Tak heran, jika hari ini telah hadir generasi harapan yang lahir dari rahim PKH. Berapa banyak pengusaha, konsultan, pegawai pemerintah pusat dan daerah, legislator, tentara, juara olimpiade internasional, tenaga pendidik, pemuka agama, doktor pengajar di universitas-universitas ternama, dan sekian profesi strategis lainnya adalah anak-anak KPM PKH dan juga eks SDM PKH? Ini bukti bahwa PKH bukan sekadar mengalirkan bantuan sosial, namun juga menyalakan kualitas hidup manusia. 

Orkestra

PKH bukanlah program kemarin sore yang mudah menggoda pelakunya. Ia terbukti agile bak air bah yang mampu memutar turbin kebermanfaatan. Tujuh kali berganti nahkoda Kementerian Sosial hingga saat ini, semua "jatuh hati" membawa PKH arungi bahtera menuju kesempurnaan dengan caranya masing-masing.

Bahkan, dalam orkestra pengentasan kemiskinan di Indonesia, PKH sering didapuk sebagai dirigennya, mengatur pertunjukan melalui gerak isyarat menghasilkan harmoni tiada dua. Inklusifnya, PKH mengandung magnet. Saya menjadi saksi ketika 2014 PKH "diujung tanduk" dipertaruhkan keberlangsungannya, justru dukungan berbagai pihak mengalir deras menginginkan berlanjutnya program ini. 

Sampai sini, saya ingin cium tangan para founding fathers karena telah melahirkan program sehebat PKH. Salim!
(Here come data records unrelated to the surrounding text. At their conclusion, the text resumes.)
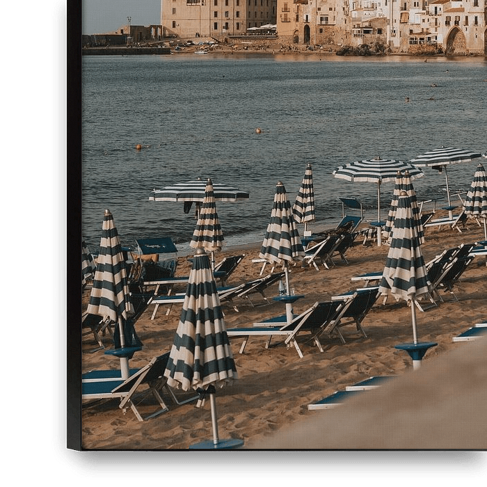 Bestelle dieses Landschafts-Wandbild Der Strand von Cefalu mit Blick auf die Stadt, Sizilien Italien von Manon Visser als Reproduktion auf Leinwand, Alu-Dibond, als Poster, Fototapete oder Acrylglasbild.
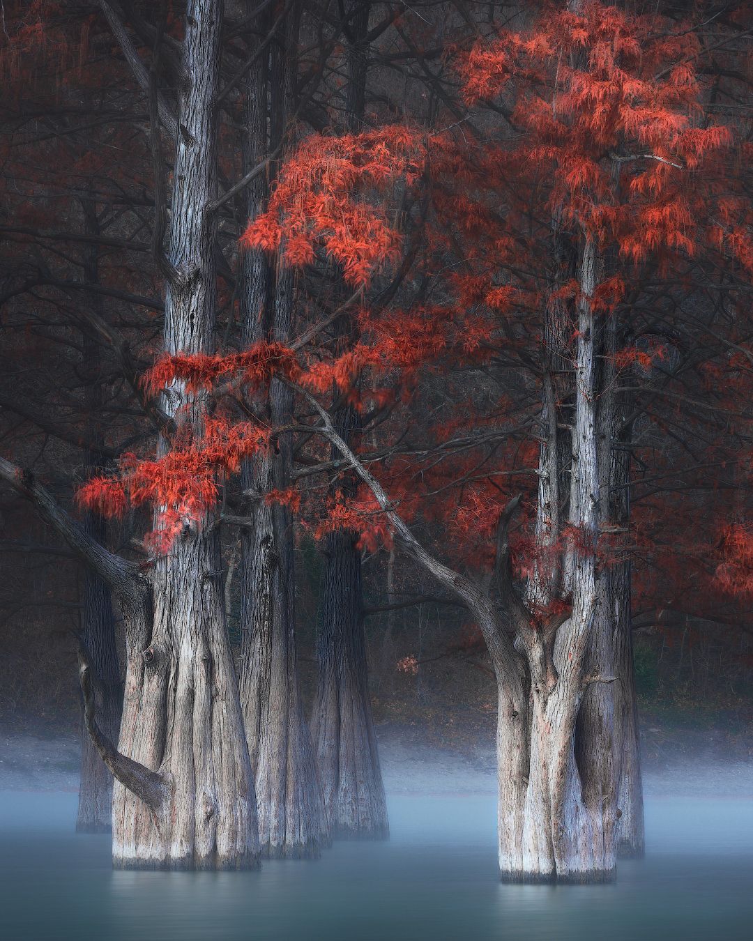 Лучше всего оказаться на озере осенью перед рассветом. В спокойную, безветренную погоду. Тогда кипарисы предстанут перед вами в тихом одиночестве туманной дымки и в праздничном осеннем наряде крон.
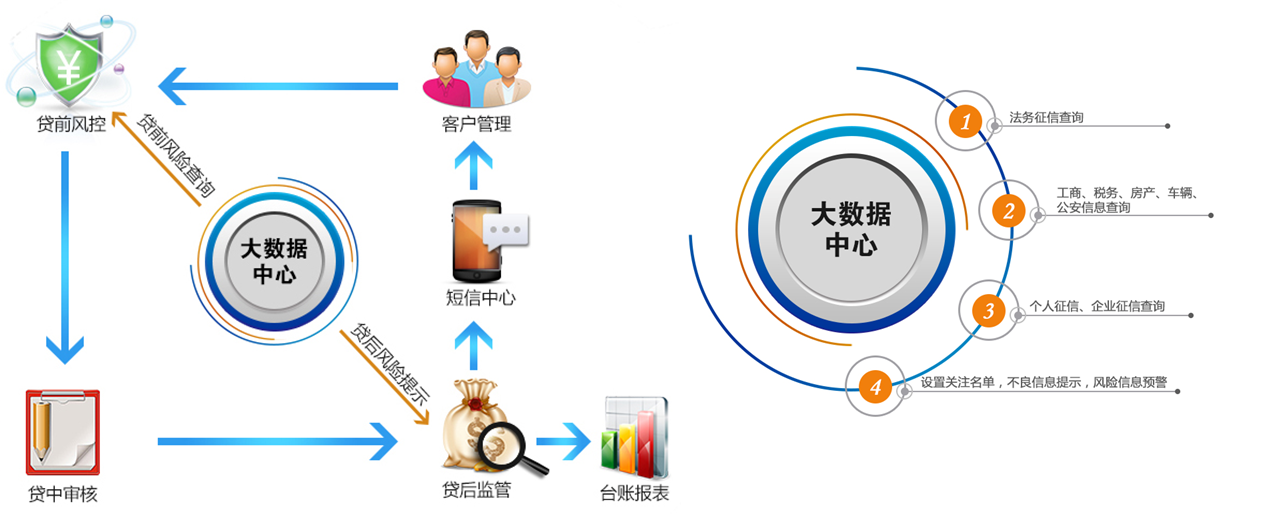 大数据风控已经深入信贷领域,在龙戈新一代担保业务管理软件系统中,实现了大数据风控在担保信贷领域的完美应用。主要体现在以下三个方面:

Dan kepada penerusnya, baik yang masih mengampu program, maupun yang telah melaju di berbagai bidang, namun tetap mendukung kepentingan PKH. Salam takzim

So, tiada kata pisah dengan PKH sebab kontribusi, bukan hanya saat menggunakan seragamnya, namun seberapa besar pembelaan terhadapnya begitulah sejarah berbicara.

Terakhir, saya ingin menukil sebait lirik gubahan Tulus dalam lagu Monokrom, 
“Di manapun kalian berada, kukirimkan terima kasih, untuk warna dalam hidupku dan banyak kenangan indah, kau melukis aku.”